**Exercise aim**
Pictures must be left out. Print the lines from the beginning of the material through the line holding "axes femme /", exactly and nothing else.

########################################

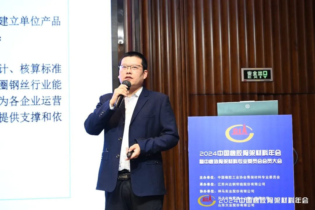 中國橡膠工業(yè)協(xié)會副秘書長兼骨架材料專業(yè)委員會秘書長于濤作理事會工作報告。兩年來,在嚴峻復雜的形勢和諸多超預期因素沖擊下,骨架材料行業(yè)面臨較大困難,行業(yè)內卷嚴重,造成行業(yè)整體經營壓力增大,利潤下滑,呈現增產不增利的局面。最近統(tǒng)計的2024年前三季度數據顯示,完成總產量413.16萬噸,增長11.57%。鋼簾線出口量66.78萬噸,增長23.47%,出口占比27.66%。胎圈鋼絲出口14.02萬噸,增長5.94%,占比16.44%。主要骨架材料產品出口均保持較高的增速,占比不斷增加。但行業(yè)利潤下降33.65%,整個行業(yè)銷售收入利潤率僅為2.55%,相比去年同期的3.7%,減少1.2個百分點,遠低于整個橡膠行業(yè)6.16%的平均值,只比炭黑行業(yè)高了一點。
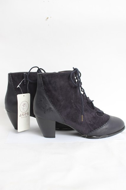 axes femme / レースアップスエーッドブーツ L 紺 Y-26-04-09-013-AX-SH-SZ-ZY
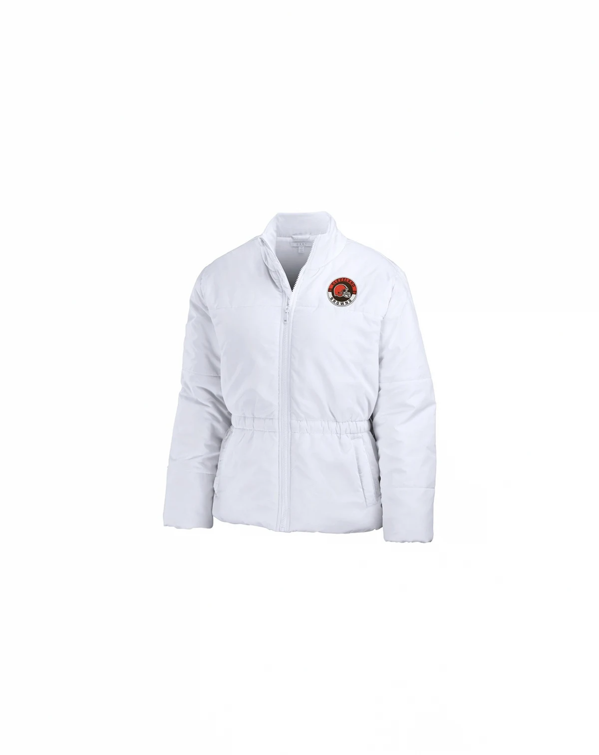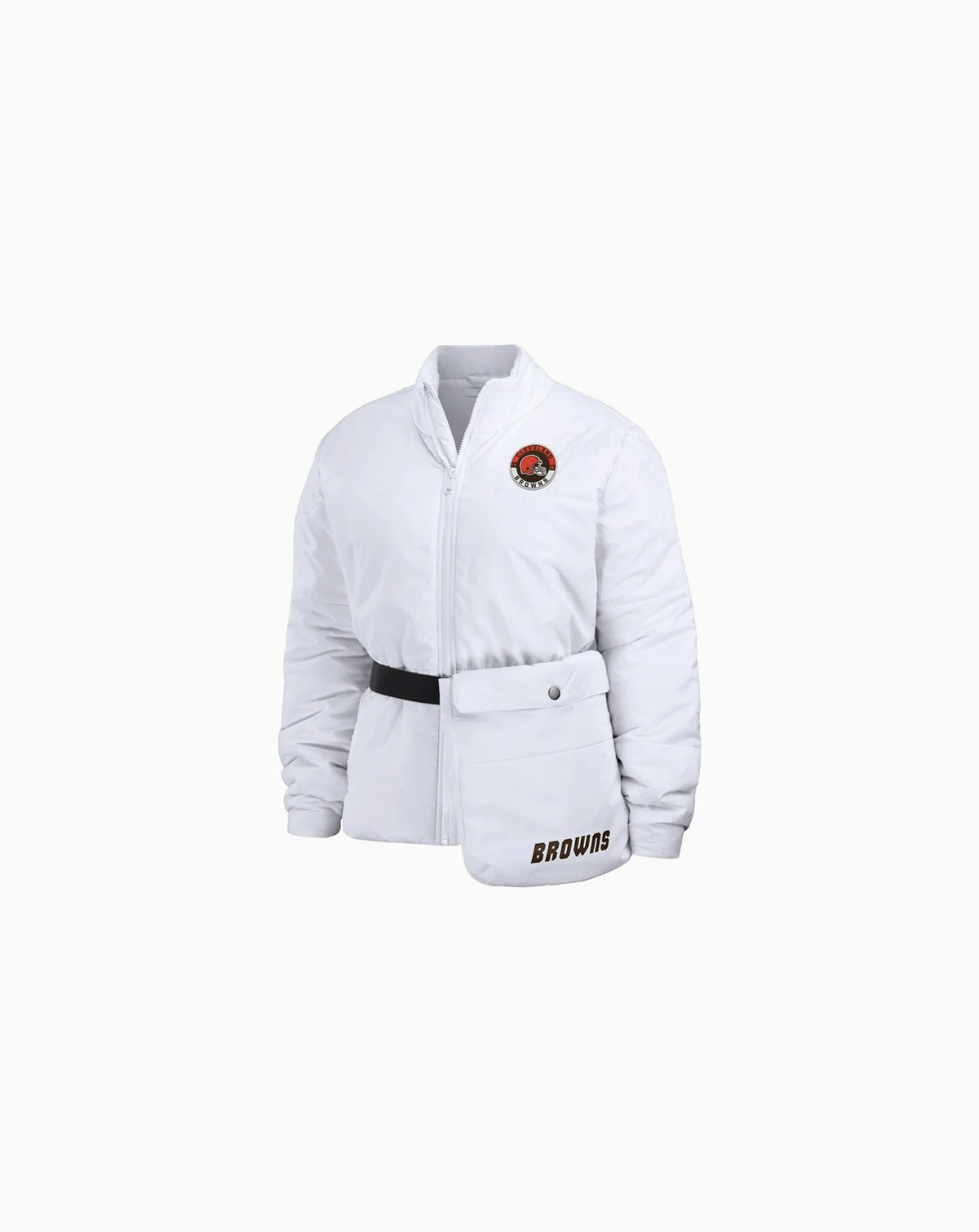 Keep your style game strong in colder weather with this Cleveland Browns Packaway puffer jacket from WEAR by Erin Andrews. It features a removable belt and one-snap pouch, a full-zip closure for regulating temperature and a chic cinched waist. The understated Cleveland Browns details complement the clean look of this versatile, fashionable outerwear.
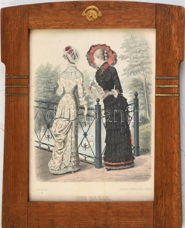 Leírás: Divatkép a Der Bazar c. magazinból, Pl. XXVIII. Rotációs fametszet, papír. Dekoratív, üvegezett fakeretben, 27×20,5 cm
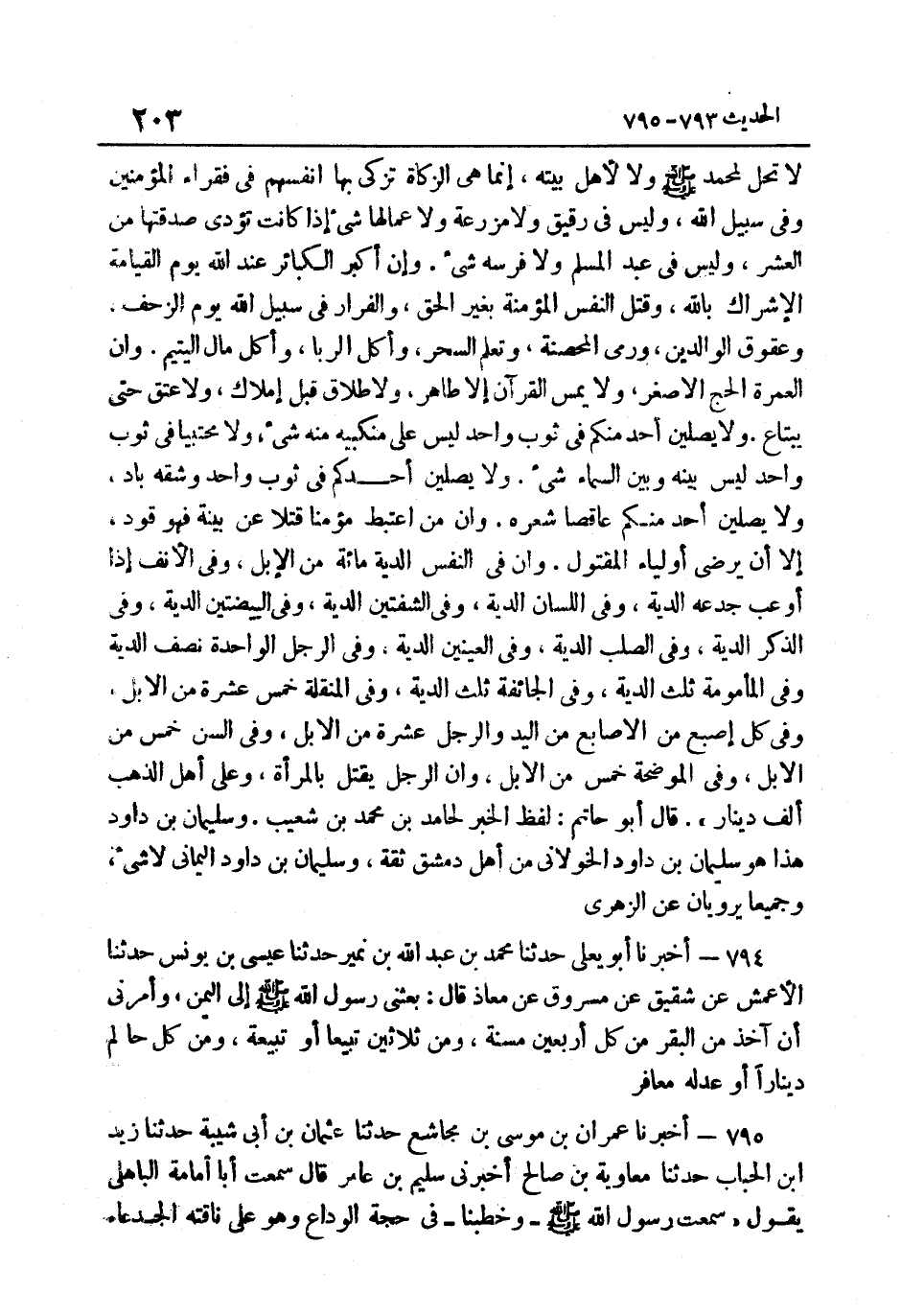 لَا تحل لمُحَمد صَلَّى اللهُ عَلَيْهِ وَسَلَّمَ وَلَا لأهل بَيته إِنَّمَا هِيَ الزَّكَاةُ تُزَكَّى بِهَا أَنْفُسُهُمْ فِي فُقَرَاءِ الْمُؤمنِينَ وَفِي سَبِيلِ اللَّهِ وَلَيْسَ فِي رَقِيقٍ وَلا مَزْرَعَةٍ وَلا عُمَّالِهَا شَيْءٌ إِِذَا كَانَتْ تُؤَدَّى صَدَقُتُهَا مِنَ الْعُشْرِ وَلَيْسَ فِي عَبْدِ الْمُسْلِمِ وَلا فَرَسِهِ شَيْءٌ وَإِِنَّ أَكْبَرَ الْكَبَائِرِ عِنْدَ اللَّهِ يَوْمَ الْقِيَامَةِ الإِِشْرَاكُ بِاللَّهِ وَقَتْلُ النَّفْسِ الْمُؤْمِنَةِ بِغَيْرِ الْحَقِّ وَالْفِرَارُ فِي سَبِيلِ اللَّهِ يَوْمَ الزَّحْفِ وَعُقُوقُ الْوَالِدَيْنِ وَرَمْيُ الْمُحْصَنَةِ وَتَعَلُّمُ السَّحَرِ وَأَكَلُ الرِّبَا وَأَكْلُ مَالِ الْيَتِيمِ وَإِِنَّ الْعُمْرَةَ الْحَجُّ الأَصْغَرِ وَلا يَمَسُّ الْقُرْآنَ إِِلا طَاهِرٌ وَلا طَلاقَ قَبْلَ إِِمْلاكٍ وَلا عِتْقَ حَتَّى يبْتَاع وَلَا يصلين أحد مِنْكُم فِي ثوب وَاحِد لَيْسَ على مَنْكِبَيْه مِنْهُ شَيْء وَلَا مُحْتَبِيًا فِي ثَوْبٍ وَاحِدٍ لَيْسَ بَيْنَهُ وَبَيْنَ السَّمَاءِ شَيْءٌ وَلا يُصَلِّيَنَّ أَحَدُكُمْ فِي ثَوْبٍ وَاحِدٍ وَشقه باد وَلَا يصلين أحد مِنْكُم عَاقِصًا شَعْرَهُ وَإِِنَّ مَنِ اعْتَبَطَ مُؤْمِنًا قَتْلا عَنْ بَيِّنَةٍ فَهُوَ قَوَدٌ إِِلا أَنْ يَرْضَى أَوْلِيَاءُ الْمَقْتُولِ وَإِِنَّ فِي النَّفْسِ الدِّيَةَ مِائَةٌ مِنَ الإِِبِلِ وَفِي الأَنْفِ إِِذَا أُوعِبَ جَدْعُهُ الدِّيَةُ وَفِي اللِّسَانِ الدِّيَةُ وَفِي الشَّفَتَيْنِ الدِّيَةُ وَفِي الْبَيْضَتَيْنِ الدِّيَةُ وَفِي الذَّكَرِ الدِّيَةُ وَفِي الصُّلْبِ الدِّيَةُ وَفِي الْعَيْنَيْنِ الدِّيَةُ وَفِي الرِّجْلِ الْوَاحِدَةِ نِصْفُ الدِّيَةِ وَفِي الْمَأْمُومَةِ ثُلُثُ الدِّيَةِ وَفِي الْجَائِفَةِ ثُلُثُ الدِّيَةِ وَفِي الْمُنَقِّلَةِ خَمْسَ عَشْرَةَ مِنَ الإِِبِلِ وَفِي كُلِّ أُصْبُعٍ مِنَ الْأَصَابِع من الْيَد وَالرجل عشرَة مِنَ الإِِبِلِ وَفِي السِّنِّ خَمْسٌ مِنَ الإِِبِلِ وَفِي الْمُوضِحَةِ خَمْسٌ مِنَ الإِِبِلِ وَإِِنَّ الرَّجُلَ يُقْتَلُ بِالْمَرْأَةِ وَعَلَى أَهْلِ الذَّهَبِ أَلْفُ دِينَارٍ". قَالَ أَبُو حَاتِم لَفْظُ الْخَبَرِ لِحَامِدِ بْنِ مُحَمَّدِ بْنِ شُعَيْبٍ وَسليمَان بْنُ دَاوُدَ هَذَا هُوَ سُلَيْمَانُ بْنُ دَاوُدَ الْخَولَانِيّ من أهل دمشق ثِقَة وَسليمَان بن دَاوُد الْيَمَانِيّ لَا شَيْء وجميعا يرويان عَن الزُّهْرِيّ.
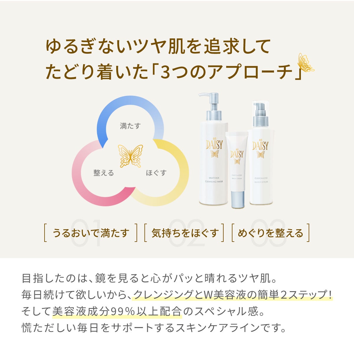 スキンケアを実感できるクレンジングウォーターと、すっと肌になじむ二つの美容液で、
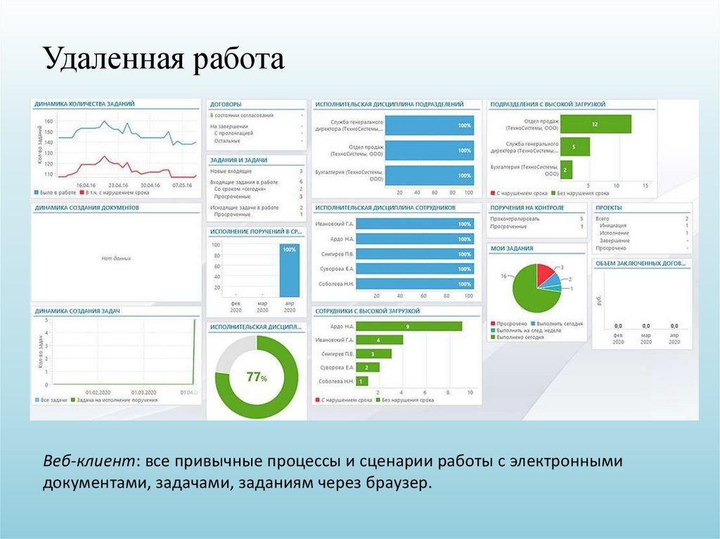 документами, задачами, заданиям через браузер.

########################################

**Solution to this problem**
 中國橡膠工業(yè)協(xié)會副秘書長兼骨架材料專業(yè)委員會秘書長于濤作理事會工作報告。兩年來,在嚴峻復雜的形勢和諸多超預期因素沖擊下,骨架材料行業(yè)面臨較大困難,行業(yè)內卷嚴重,造成行業(yè)整體經營壓力增大,利潤下滑,呈現增產不增利的局面。最近統(tǒng)計的2024年前三季度數據顯示,完成總產量413.16萬噸,增長11.57%。鋼簾線出口量66.78萬噸,增長23.47%,出口占比27.66%。胎圈鋼絲出口14.02萬噸,增長5.94%,占比16.44%。主要骨架材料產品出口均保持較高的增速,占比不斷增加。但行業(yè)利潤下降33.65%,整個行業(yè)銷售收入利潤率僅為2.55%,相比去年同期的3.7%,減少1.2個百分點,遠低于整個橡膠行業(yè)6.16%的平均值,只比炭黑行業(yè)高了一點。
 axes femme / レースアップスエーッドブーツ L 紺 Y-26-04-09-013-AX-SH-SZ-ZY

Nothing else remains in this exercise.